The Kernel Trick in Neural Networks
Data-science is the science of finding patterns in data. Given lots and lots of points on a 2D plane, they could all be lying on a line, or on an organized pattern (maybe they all form a circle), or there could be clumps of data here and there, or a combination of both (maybe they are all on two circles).
All the machine learning algorithms are specialized to do one or more of these tasks, i.e., finding the line(s) of best fit [such as Linear Regression] or finding the line(s) of best separation [such as Decision trees, Logistic regression], or both [such as SVMs and Neural Networks]
Even more basically, data-science is about finding lines. And linear regression is the easiest to explain. Find the coefficients of that line which has maximum overlap with the points, in case of regression and that line which divides the points most.
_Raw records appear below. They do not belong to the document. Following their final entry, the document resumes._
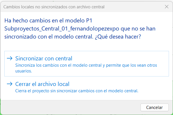 Esta ventana aparece cuando cierras un archivo local en Revit que está vinculado a un modelo central y todavía tienes en propiedad elementos o subproyectos que no has modificado.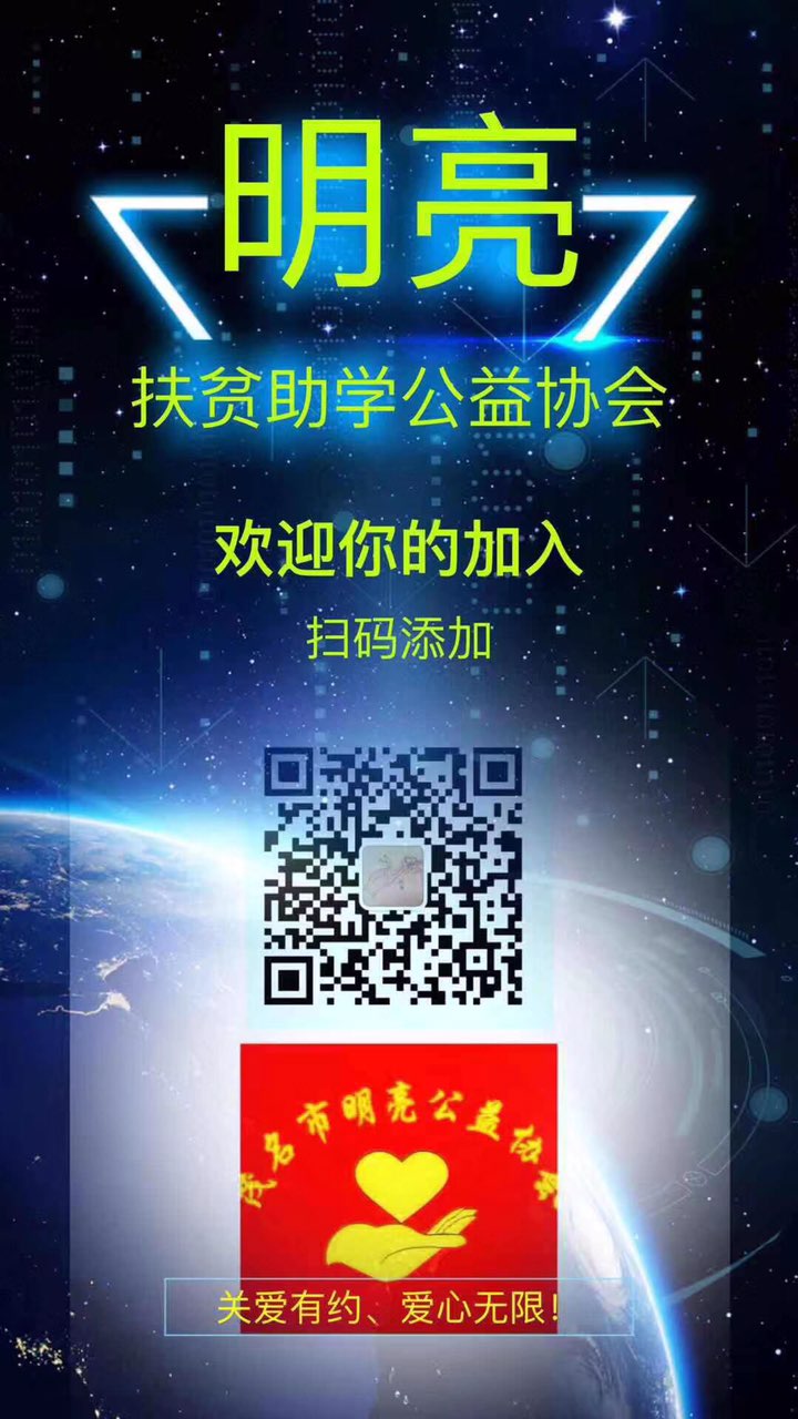 没有太晚的开始,不如就从现在开始,总有一天,那个一点一点可见的未来,会在你心里,也在你的脚下慢慢清透。“明亮”从不亏待每一个努力向上的人,“明亮”是光明透亮的。欢迎更多的爱心人士和爱心商家的加入,扫码添加。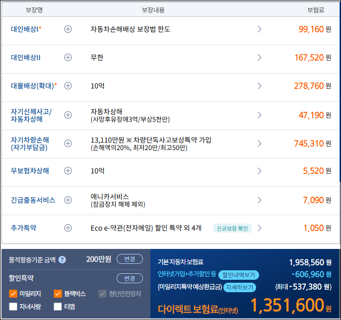 가입 조건이 변경되는 경우 또는 나이 및 차량에 따라 보험료가 달라질 수 있습니다.

But there is an obvious assumption in the method. That data is linearly separable. This is not true. Never true, in fact. There will always be that curve which can separate the clouds more evenly. And hence the need for non-linear models.
The kernel trick is one of the coolest things I've learned in ML. We have bulit methods that are fundamentally based on drawing lines (Linear Regression, SVM or NN can ultimately only draw lines). However the genius of kernel trick is to transform the data such that the clouds simply go apart and a line can then be drawn.
Think of it like this. There is a river separating the land into two. We can think of lands separated by a crooked line, or if the land itself were to be stretched like a blanket, with the right kind and amount of stretching the river looks straight and the two lands on both sides warped.
That's the simple trick. SVM and (for this particular topic) Neural Networks are basically about that. While SVM has an explicit bias about the type of kernel that must be used, Neural Networks take it a step further and finds its own kernel.